PHILADELPHIA, Aug. 7 (UPI) -- In December 1957 I was a private first-class in the U.S. Army stationed at Schofield Barracks in Hawaii. We had a Russian kid in our unit, and when we weren't on guard duty or peeling potatoes, he would translate programs for us from Radio Moscow.
Right before Christmas, we heard a narrator telling a story to some children. He said, "Aloysha, look up in the sky. There are three moons, and two of them are Russian."
We were in the Space Age! The Russians had just put up their first sputniks, pre-empting the Americans much to their acute dismay. The Americans, not to be outdone, launched their own satellites early in 1958. Though they were not as large or impressive as the Russians', the space race had begun.
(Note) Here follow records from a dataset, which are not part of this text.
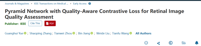 近日,深圳大学医学部岳广辉副教授在医学图像处理领域顶级期刊IEEE Transactions on Medical Imaging (TOP期刊,中科院一区,IF=8.9)上发表题为“Pyramid Network with Quality-Aware Contrastive Loss for Retinal Image Quality Assessment”的学术论文。青年教师岳广辉副教授担任第一作者,研究生张绍萍为第二作者。深圳大学为第一作者单位和通讯单位。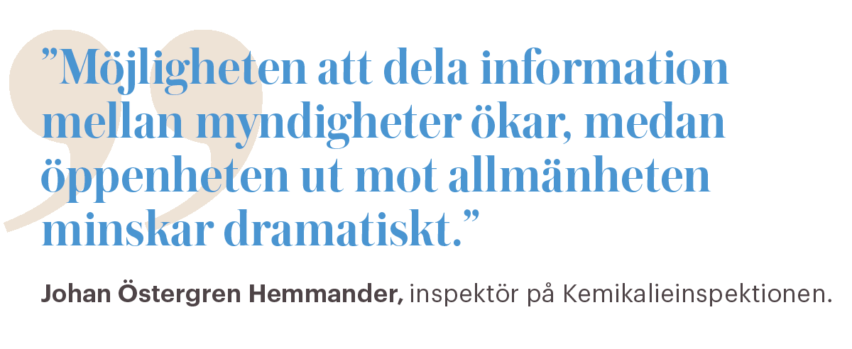 – Jag tycker att fokus ligger väldigt mycket på säkerhetsskydd inom staten i dag, och väldigt lite på offentlighet. Möjligheten att dela information mellan myndigheter ökar, medan öppenheten ut mot allmänheten minskar dramatiskt. Jag anser att det är ganska allvarligt, säger han.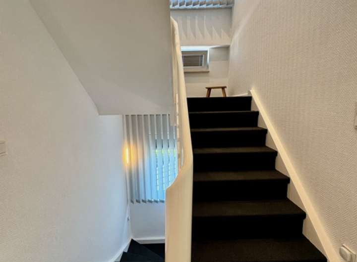 2023: Neues Laminat im Dachgeschoss, Treppe mit Sisal-Teppichboden, neue Gaszentralheizung

In May 1958, released from the Army and having passed all my exams and my security check, I entered the U.S. Foreign Service to begin my career as a diplomat. My first assignment was with the U.N. Political Office of the State Department in Washington. The subject of my assignment: the international control of outer space.
It was an exciting time. The United States and the Soviet Union had just begun to explore this new world, which began where satellites could orbit around the Earth and then extended to the farthest reaches of the universe. It was a time that could be compared to another era, when an Italian explorer, Christopher Columbus, discovered that our planet was not flat, but across its oceans existed a new world.